« …Hachem assécha la mer, et les eaux se fendirent » (Chemoth 14, 21).
La séparation des eaux de la Mer des Joncs fut un miracle extraordinaire. Mais cette séparation des eaux s’est-elle produite en d’autres circonstances dans l’histoire juive ?
La Guemara (‘Houlin 7a) rapporte l’anecdote suivante : Rabbi Pin‘has ben Yaïr s’était mis en route pour aller accomplir la mitswa du rachat de prisonniers. Arrivé au bord d’une rivière, il constata qu’elle était infranchissable.
Il demanda alors à la rivière : « Sépare tes eaux, afin que je puisse te traverser ! »
La rivière lui répondit : « Tu t’apprêtes à obéir à la volonté de ton Maître, ce que je fais moi aussi. Peut-être réussiras-tu dans ta mission, peut-être pas. Tandis que moi, il ne fait aucun doute que je réussis dans la mienne. »
Rabbi Pin‘has ben Yaïr répondit à la rivière : « Si tu ne sépares pas tes eaux, je t’assécherai pour toujours. »
Aussitôt, la rivière lui obéit et lui permit de la traverser en toute sécurité.
Conclusion de nos Maîtres : Le pouvoir de rabbi Pin‘has ben Yaïr équivalait à celui de Moïse et de la communauté d’Israël.
En quoi, se demande le Sefath émeth, la séparation des eaux de la Mer des Joncs atteste-t-elle de la grandeur de la communauté d’Israël, alors que le même miracle est intervenu au bénéfice de rabbi Pin‘has ben Yaïr, qui était un individu isolé ?
Il est certain, répond ce commentaire, que Hachem peut changer les lois de la nature au bénéfice d’un tsaddiq individuel comme rabbi Pin‘has ben Yaïr, car le mérite des Justes leur donne accès aux miracles. Mais la séparation des eaux de la Mer a été destiné à démontrer au monde la sainteté de la communauté d’Israël tout entière, et pas seulement celle d’un individu isolé.

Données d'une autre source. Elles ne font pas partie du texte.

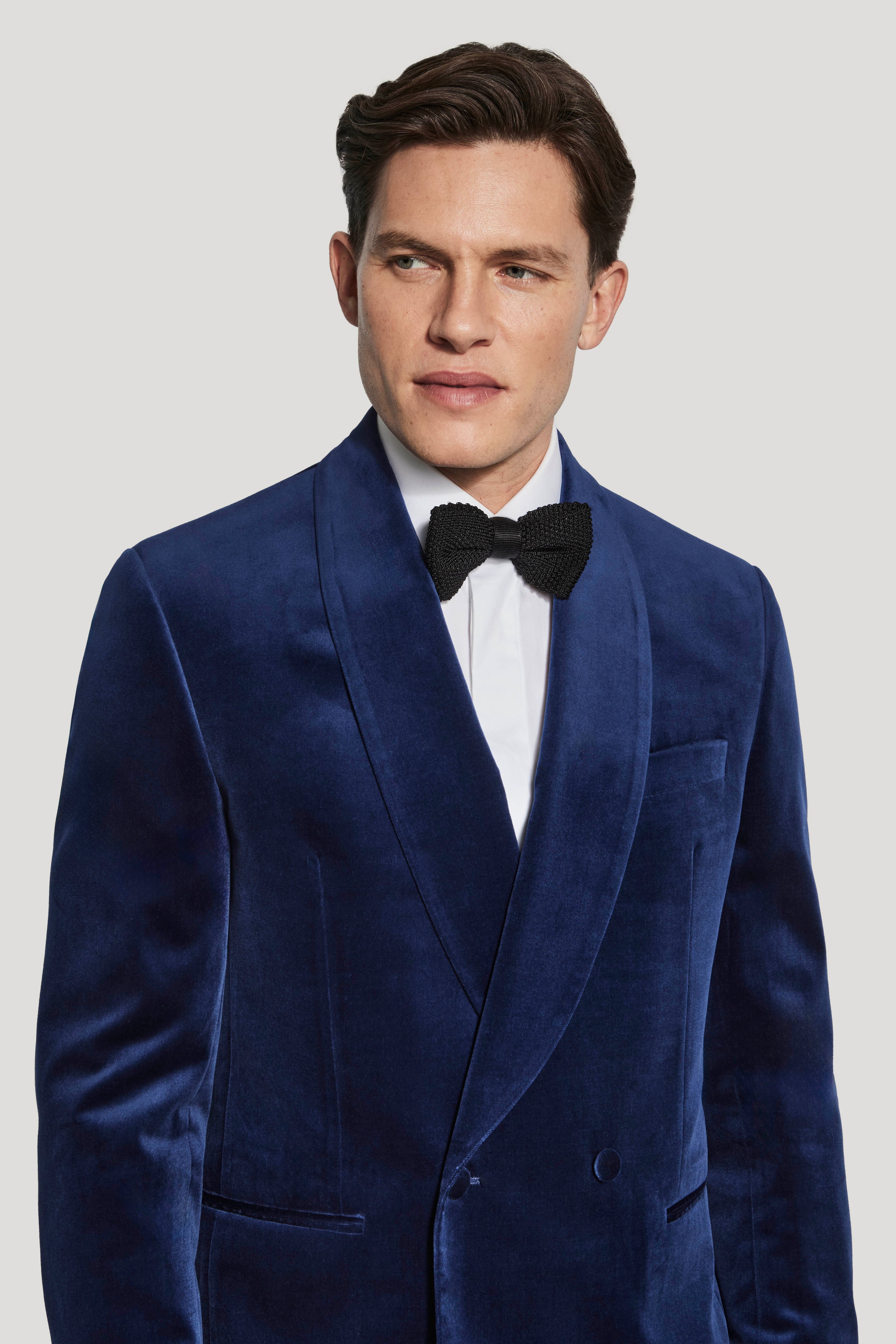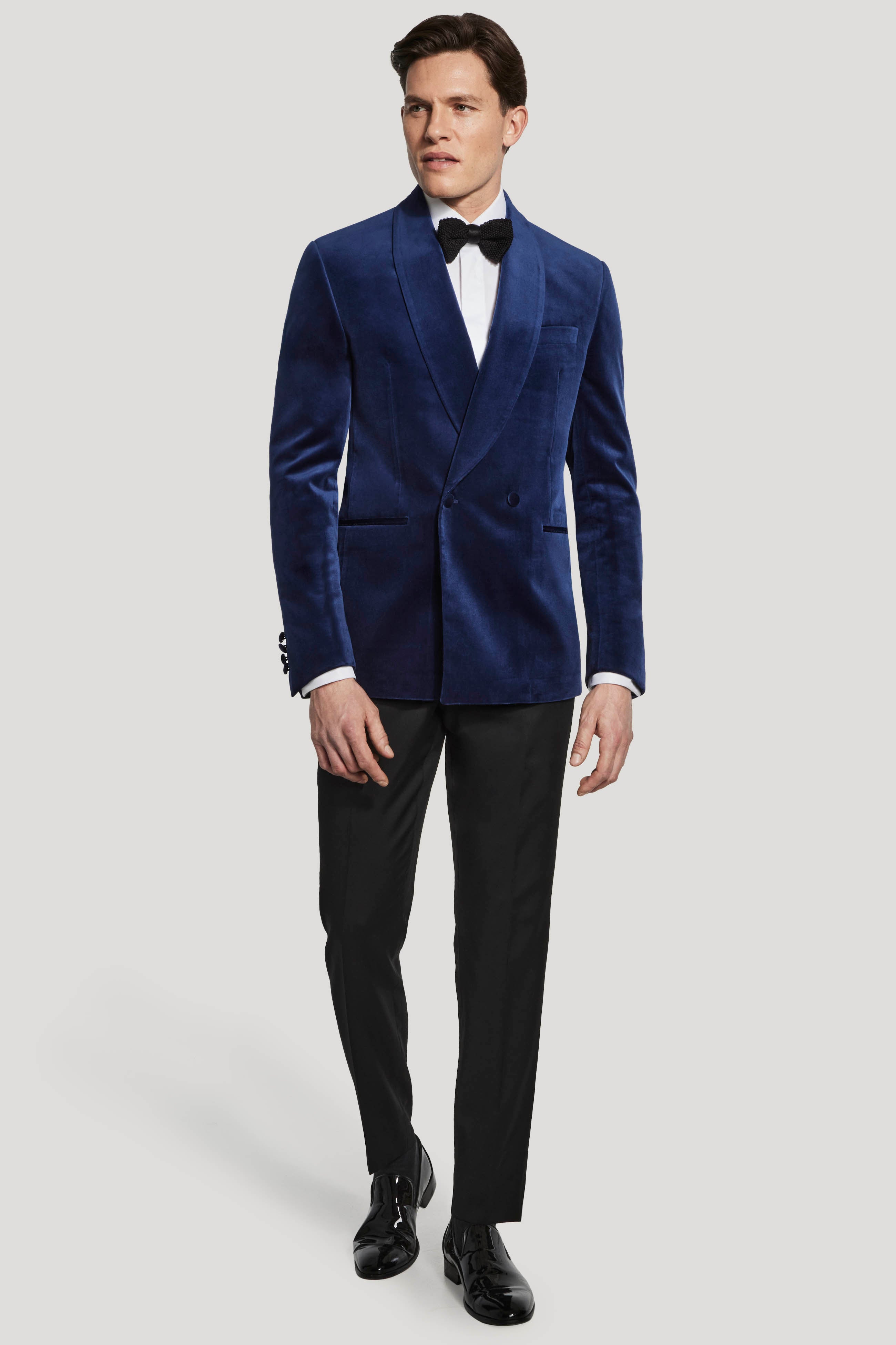 Make a bold statement at your next formal event with our burgundy velvet Ellis dinner jacket, designed for the confident, style-conscious individual. This 1 x 1 double-breasted jacket features a sleek **self-fabric shawl collar, self besom pockets, and stacked buttons for a refined, modern aesthetic. Tailored in a contemporary fit, it offers comfort through the chest and shoulders with a slightly tapered waistline for a sharp silhouette. Finished with side vents** for ease of movement, this jacket brings elevated sophistication to any black-tie occasion.
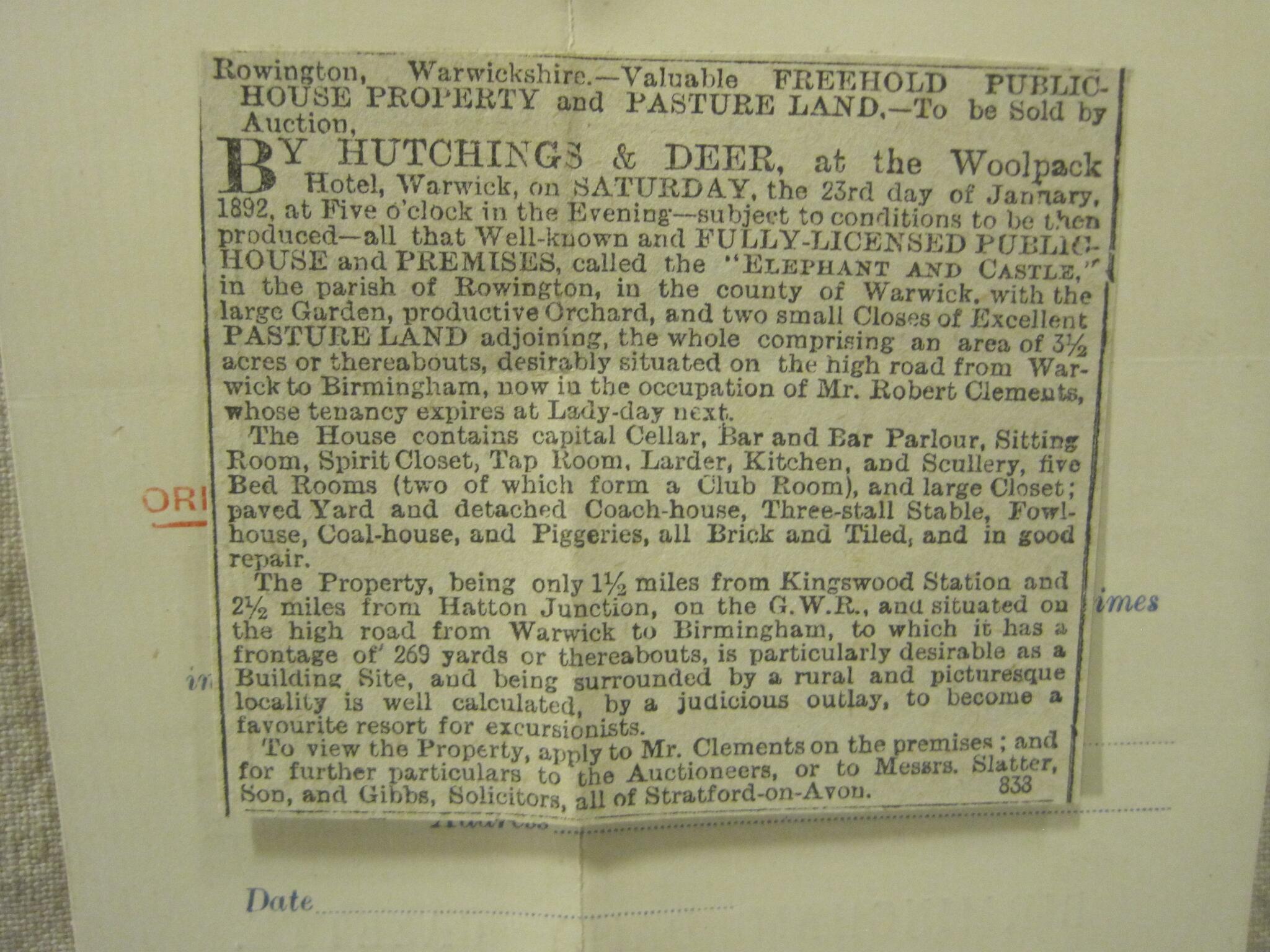 8 Advert for Sale of Elephant and Castle - Jan 1892
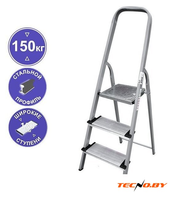 лестница-стремянка, 3 ступени, алюминий, верхняя площадка
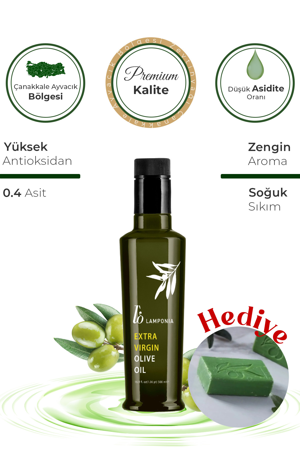 Lamponia 500 ml Extra Virgin Olive Oil 0.4 Acid Glass Bottle Olive Oil
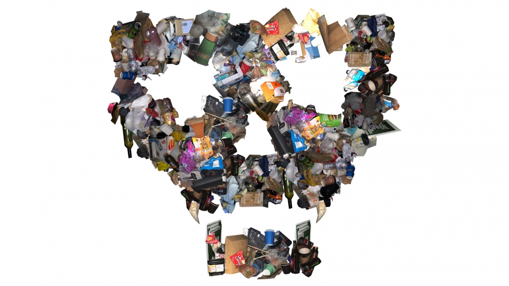 Tom Deining's self portrait, he make a self portrait through put different color of garbages in the right position.
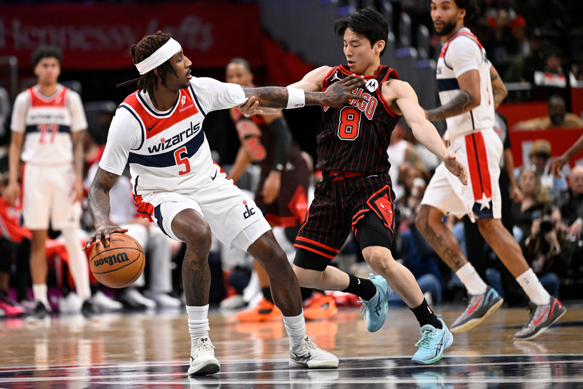 Bulls Wizards Basketball Washington Wizards guard Jamir Watkins (5) stiff arms Chicago Bulls guard Yuki Kawamura during the first half of an NBA basketball game, Tuesday, April 7, 2026, in Washington. (AP Photo/John McDonnell)
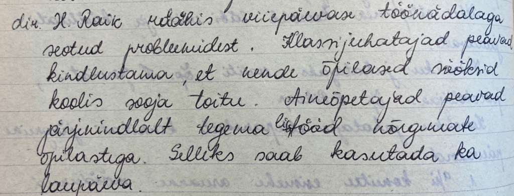 Viia katseliselt sisse viiepäevane töönädal 40 minutiliste tundidega tehti 1987. aasta augustis kooli töötajate koosolekul. Kuu hiljem rääkis direktor Helve Raik seotud probleemidest. (Tartu V Keskkooli töötajate nõupidamiste protokoll 30.09.1987)
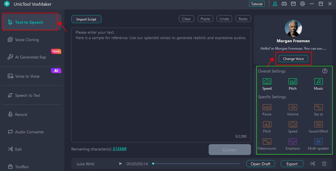 - Η εύκολη προσαρμογή, όπως η αλλαγή της ταχύτητας, ο τόνος, η προφορά κ.λπ., για να κάνει τη φωνή να ακούγεται πιο ρεαλιστική.
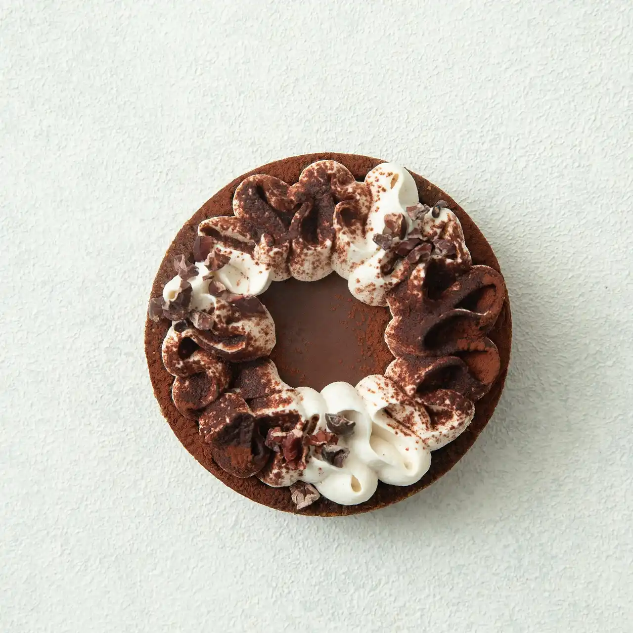 果実味豊かな有機カカオマスを贅沢に使用した自家製生チョコを、ふわふわホイップと有機カカオニブが引き立てます。 |
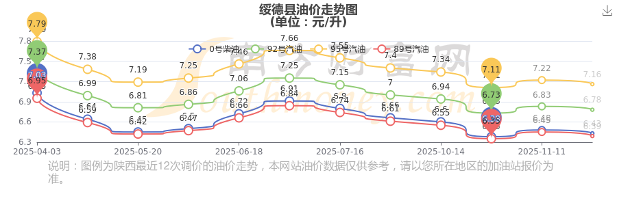 12月2日綏德縣汽油、柴油價(jià)格是11月25日調(diào)整后的價(jià)格,每升價(jià)格具體為:92號汽油為6.78元,下跌了0.05元,下跌幅達(dá)0.73%;95號汽油為7.16元,下跌了0.06元,下跌幅達(dá)0.83%;89號汽油為6.39元,下跌了0.06元,下跌幅達(dá)0.93%;0號柴油為6.43元,下跌了0.05元,下跌幅達(dá)0.77%。
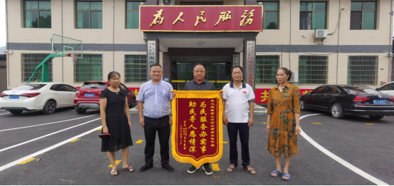 老人家属送锦旗感谢南山村“两委” 胡卫红 摄

Rabbi Tsadoq ha-kohen de Lublin complète cette explication : Il arrive chaque jour que des miracles soient accomplis au profit d’un individu isolé, comme cela a été le cas pour rabbi ‘Hanina ben Dossa (« Que Celui qui a ordonné à l’huile de brûler ordonne également au vinaigre de brûler ! » – Ta‘anith 25a). Mais les plus grands miracles sont ceux qui révèlent au monde la sainteté intérieure des enfants d’Israël. Il est vrai qu’ils avaient régressé en Egypte jusqu’au quarante-neuvième degré d’impureté, et qu’ils n’étaient pas moins idolâtres que les Egyptiens. Ils n’en ont pas moins conservé en eux-mêmes leur intériorité profonde, d’une sainteté indiscutable, et c’est elle qui leur a fait mériter que les eaux de la Mer se séparent.